- **Material provided**:
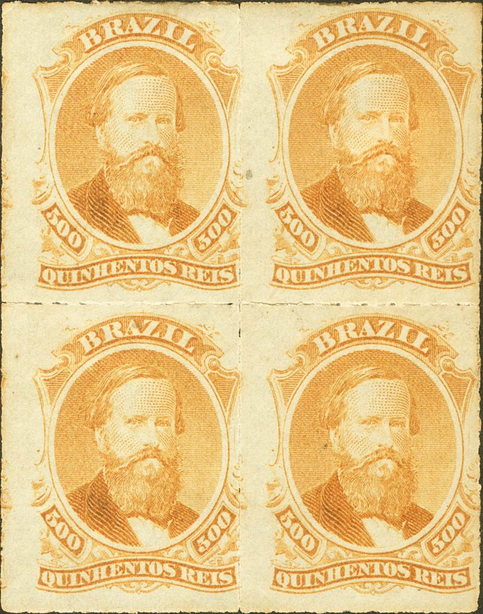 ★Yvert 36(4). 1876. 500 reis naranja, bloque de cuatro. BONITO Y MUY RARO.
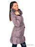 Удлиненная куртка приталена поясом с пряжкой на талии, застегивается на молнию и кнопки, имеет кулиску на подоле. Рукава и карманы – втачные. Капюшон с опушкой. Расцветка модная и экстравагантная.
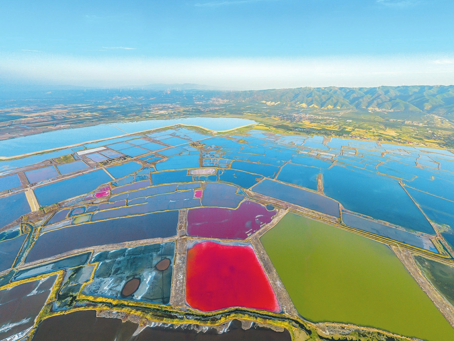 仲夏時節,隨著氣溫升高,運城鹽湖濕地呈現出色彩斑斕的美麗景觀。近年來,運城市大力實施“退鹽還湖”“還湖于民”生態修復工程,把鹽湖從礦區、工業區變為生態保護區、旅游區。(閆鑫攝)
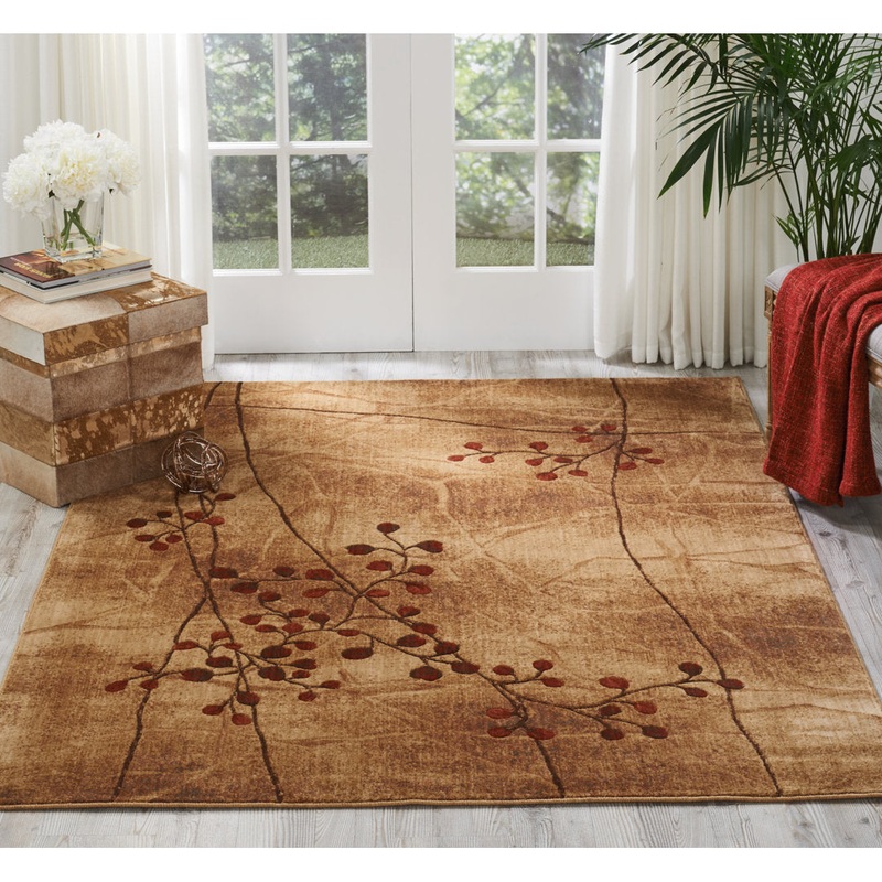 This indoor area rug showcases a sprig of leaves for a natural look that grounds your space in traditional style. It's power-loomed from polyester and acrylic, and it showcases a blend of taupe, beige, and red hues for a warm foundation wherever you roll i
---
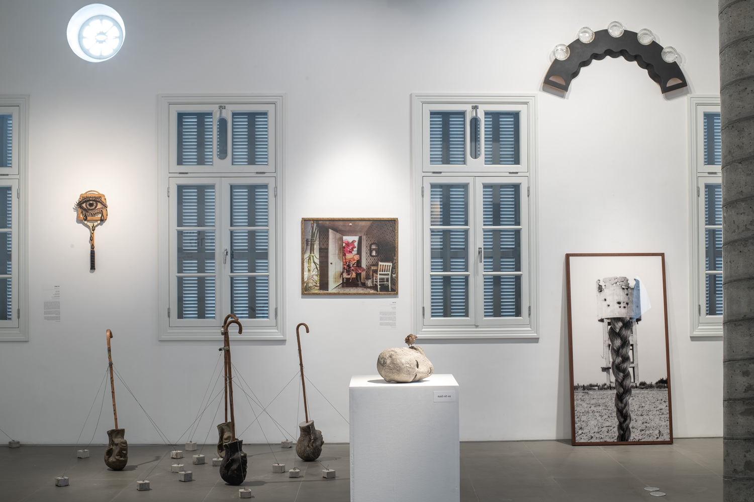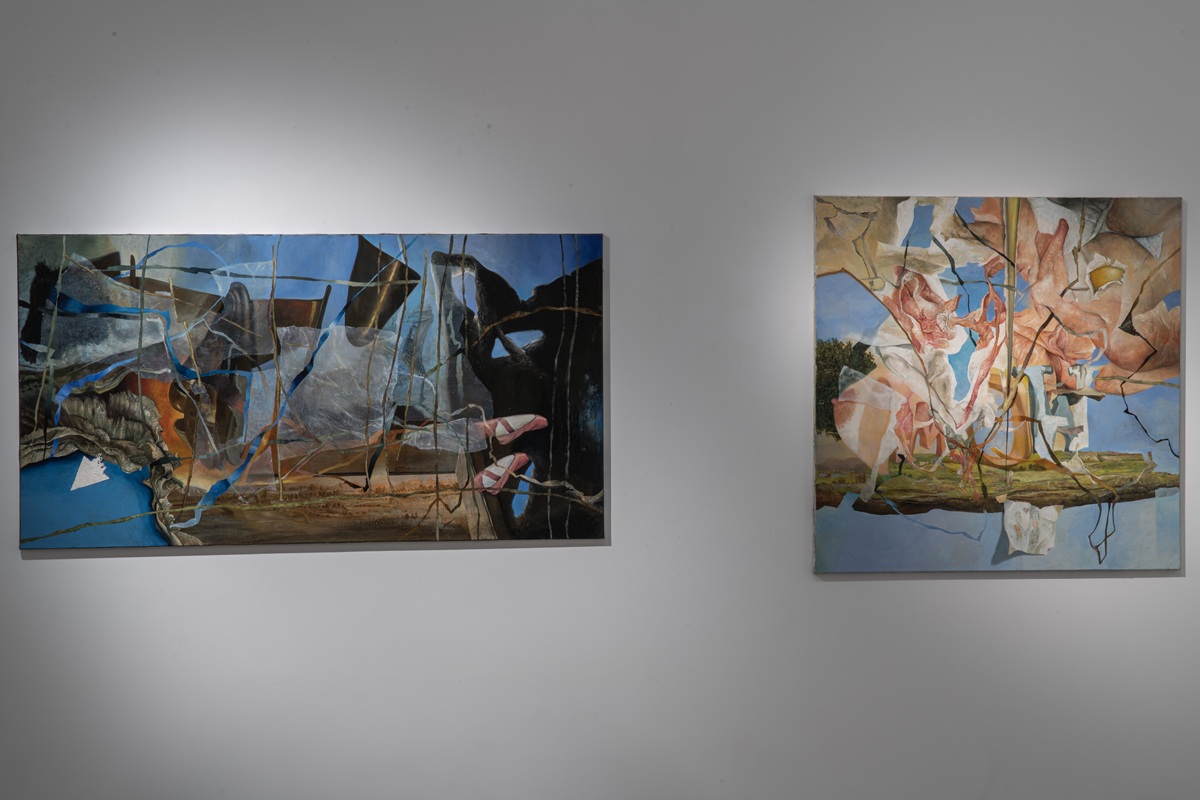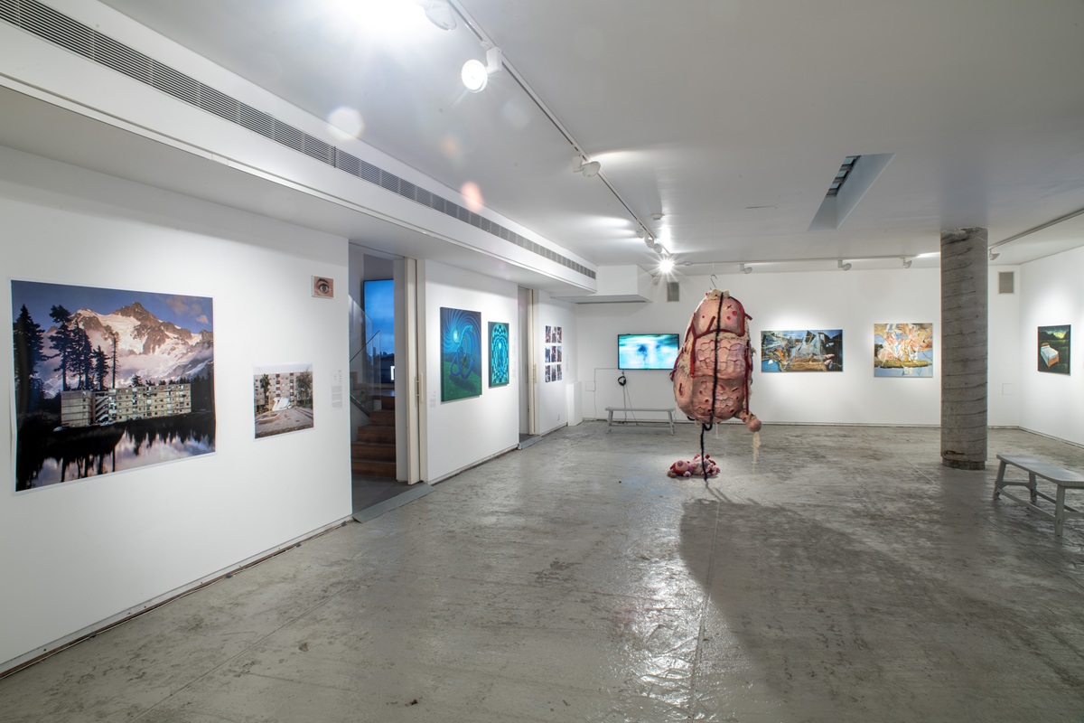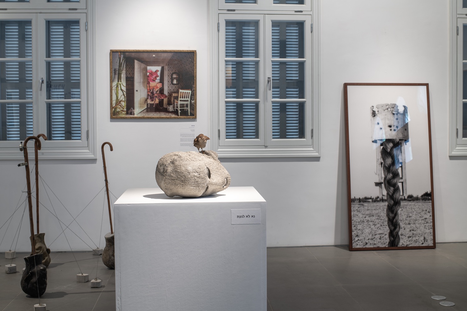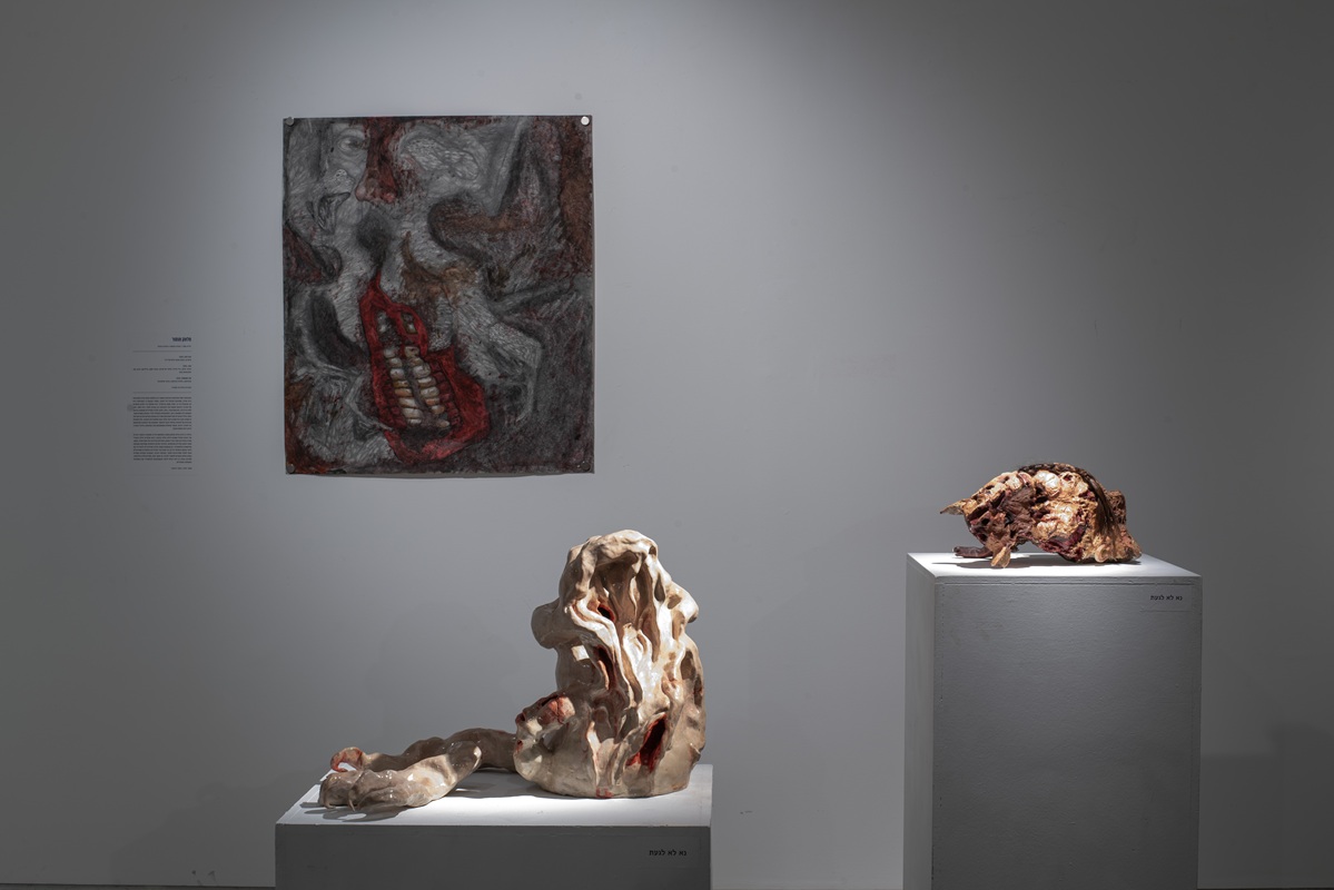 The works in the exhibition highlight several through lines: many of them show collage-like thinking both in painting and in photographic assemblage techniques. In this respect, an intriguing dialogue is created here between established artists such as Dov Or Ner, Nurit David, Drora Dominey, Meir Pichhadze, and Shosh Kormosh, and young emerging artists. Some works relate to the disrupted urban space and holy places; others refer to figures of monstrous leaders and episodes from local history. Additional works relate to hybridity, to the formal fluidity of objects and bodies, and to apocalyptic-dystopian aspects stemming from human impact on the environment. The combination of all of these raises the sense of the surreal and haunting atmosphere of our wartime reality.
...
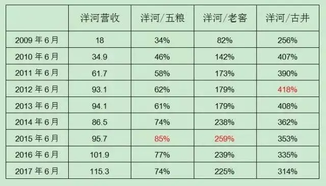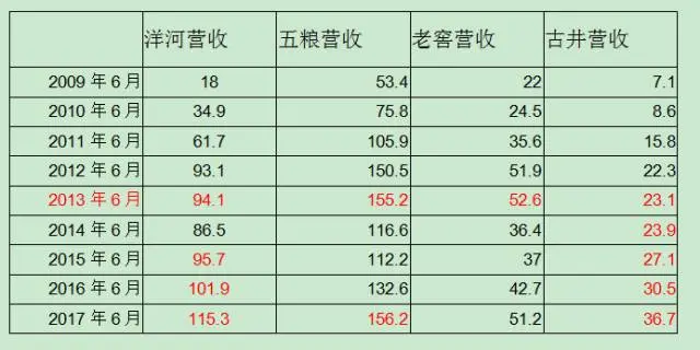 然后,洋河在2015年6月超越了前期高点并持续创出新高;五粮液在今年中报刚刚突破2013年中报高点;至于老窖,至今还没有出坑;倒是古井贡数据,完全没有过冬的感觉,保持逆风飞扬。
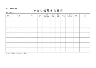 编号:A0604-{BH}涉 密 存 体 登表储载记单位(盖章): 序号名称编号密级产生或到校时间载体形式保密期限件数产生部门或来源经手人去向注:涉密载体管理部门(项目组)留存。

- **Exercise**:
Repeat exactly the lines above, beginning at the one containing "Y MUY RARO." and ending at the one containing "Удлиненная куртка приталена". Do not carry over any pictures.

- **Solution**:
 ★Yvert 36(4). 1876. 500 reis naranja, bloque de cuatro. BONITO Y MUY RARO.
 Удлиненная куртка приталена поясом с пряжкой на талии, застегивается на молнию и кнопки, имеет кулиску на подоле. Рукава и карманы – втачные. Капюшон с опушкой. Расцветка модная и экстравагантная.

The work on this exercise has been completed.